How can we better provide alternatives to cars when existing infrastructure prioritizes cars?
Bike lanes — protected. More buses — electrified. Every person we get out of a car — because they want to, because we make it quicker and easier to do so — is less traffic, less pollution for all of us, including drivers. This is a win-win. Heat islands and traffic jams? No one’s a fan. We can do for our citizens what Paris has done for theirs, and we’re already far along. My next door neighbors would love to bike around with their three children more, but don’t feel safe doing so, so their SUV and truck see more use than their fleet of bikes. I may be the only candidate who only bikes, haven’t had a car for 15 years — and this will be a priority if elected. Not to make car drivers feel second class, but to make cyclists and our children and seniors feel safer walking, biking, busing, (and…inner-tubing) and driving.
What is your plan for increasing Boulder’s affordable housing supply?
Boulder is becoming a white-washed homogenous and, dare I say, more boring town that it should be or inherently is. Home prices more than doubled 15 years ago, and we have yet to recover.
We are losing good, “weird” and wonderful people every day who move away to buy a home, start a family and business. I’ve been to three housewarmings in Boulder in the last 10 years. I’d love for more folks who work in Boulder to be able to live here. Double our funding for [Boulder Housing Partners, a nonprofit serving as the city’s housing authority], which is doing amazing work, and they can double the speed of our affordable housing. Affordability is a must for the “missing middle,” too — for those with a healthy but not wealthy income. ADUs are a good start, and will help locals afford their mortgage. Density is a scary word in the mouths of developers, but in the hands of eco, caring citizens, it can result in more communities like Holiday where children’s bikes are strewn across front yards, where communities feel safe, unpretentious and fun for all.
What approach would you take to address camping in our parks, on our bike paths and along our waterways?
This isn’t easy, making progress — but the status quo is far harder on all of us. It’s not safe for joggers, for tourists, for seniors, for cyclists or for our homeless. It’s also a moral issue: We can not allow ourselves as a society to look the other way on freezing cold nights or 100 degree days. We can work in concert with our police force, our non-profits and our homeless friends to help folks get the care they need to get back to permanent housing and active roles in society and employment. As for those concerned about making Boulder attractive to homeless elsewhere, that’s where the “stick” of carrot-fame comes in: enforcement.
Assume you are elected this November. Now imagine it’s November one year later. What one, specific thing will you have accomplished that you’re proud of? Put another way, what will define success for you after one year on council, or as mayor?
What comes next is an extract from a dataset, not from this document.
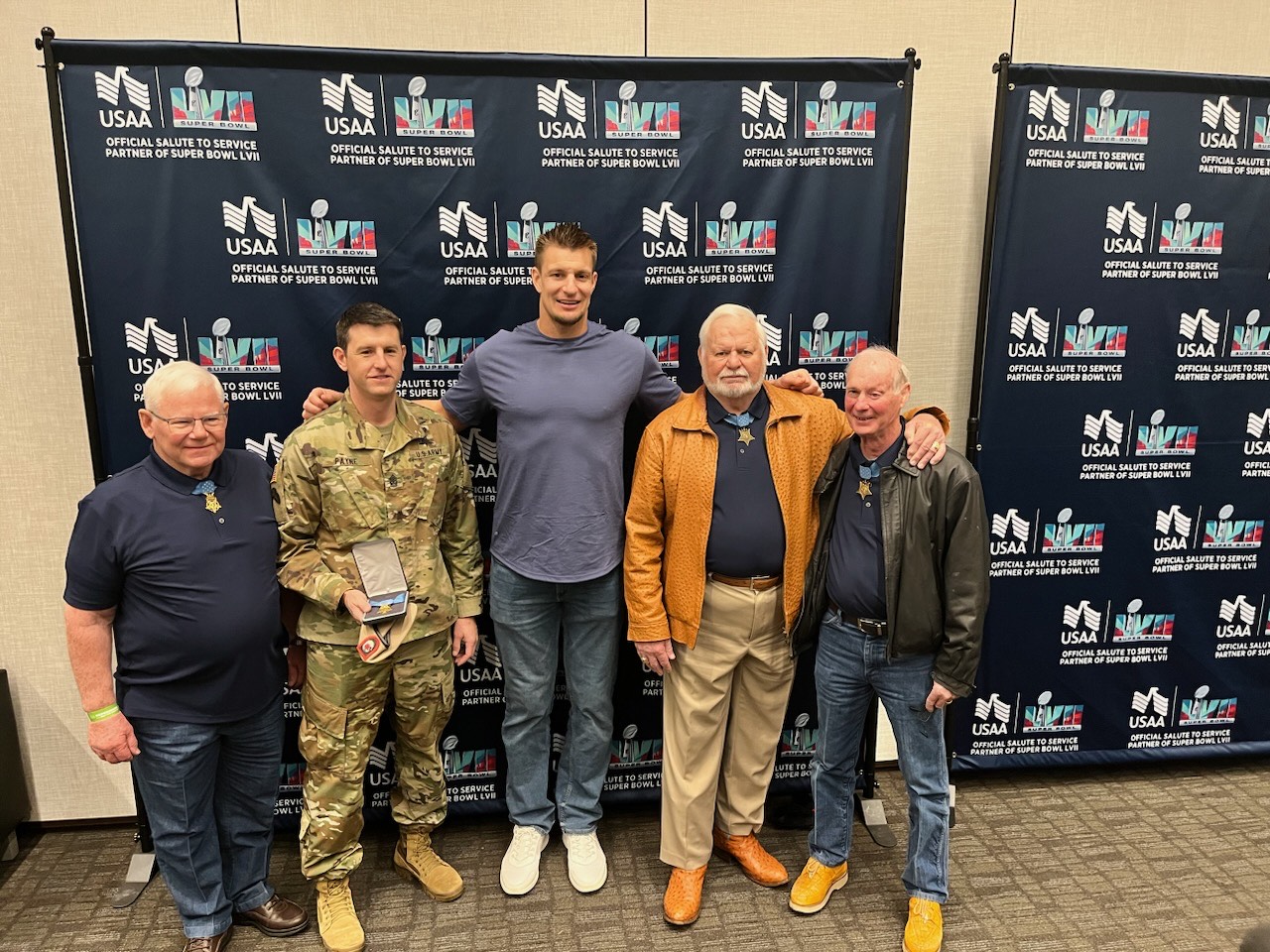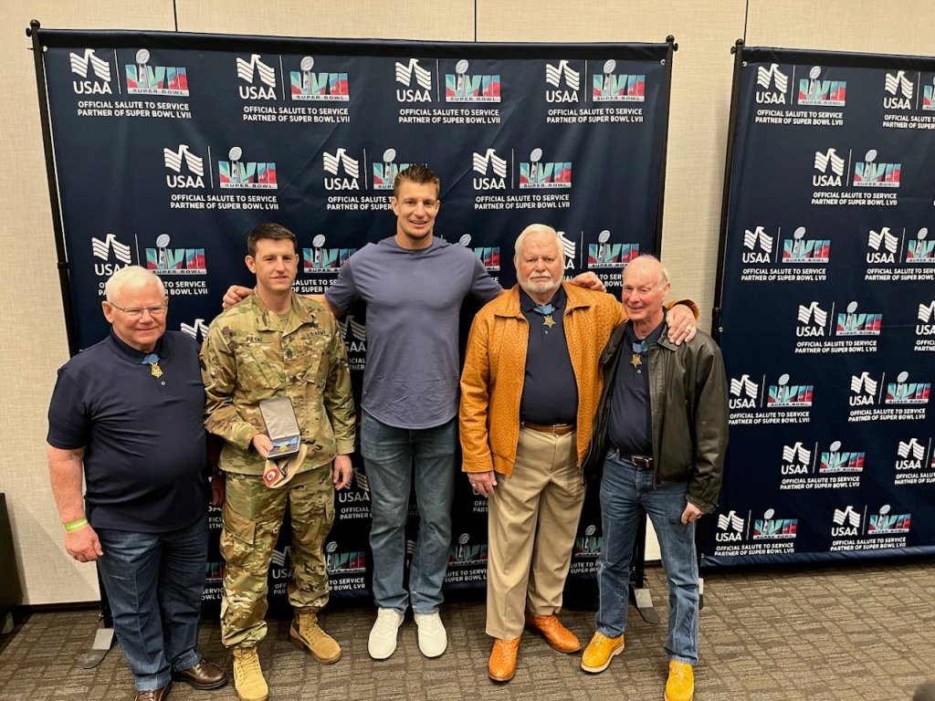 At the USAA Salute to Service Lounge at the Super Bowl experience in Phoenix today, Tampa Bay Buccaneers’ Tight End and USAA commercial star, Rob “Gronk” Gronkowski had a VIP welcome for four incredible heroes and their guests. Gronk took photos, signed autographs, and even did a practice demonstration of tomorrow’s “kick of destiny” for the group, which honored Medal of Honor Recipients Lt. Thomas Norris, SGM Thomas “Pat” Payne, Sergeant Gary Rose and Petty Officer Michael Edwin Thornton.

Thank you for assuming I’ll get elected. For me, my first priority will be process. City council should not pretend to be experts in everything, but to prioritize urgent, needed solutions to painful problems of affordability, homelessness/public safety, transportation, climate. We can be a city that we’re inspired by, every day, and grateful to live in. We can be a city that the world looks to for inspiration, again. After process, I will focus on homelessness/public safety first, in a way that will save lives, and save money, and return our city to safety and sanity. That said, climate solutions big and small, and affordability, go hat in hand with every other issue. Those three are my priorities.
P.S.: You asked for one accomplishment. I regard fire mitigation, along with flood mitigation, as urgent. Disasters are coming for us — we must be ready.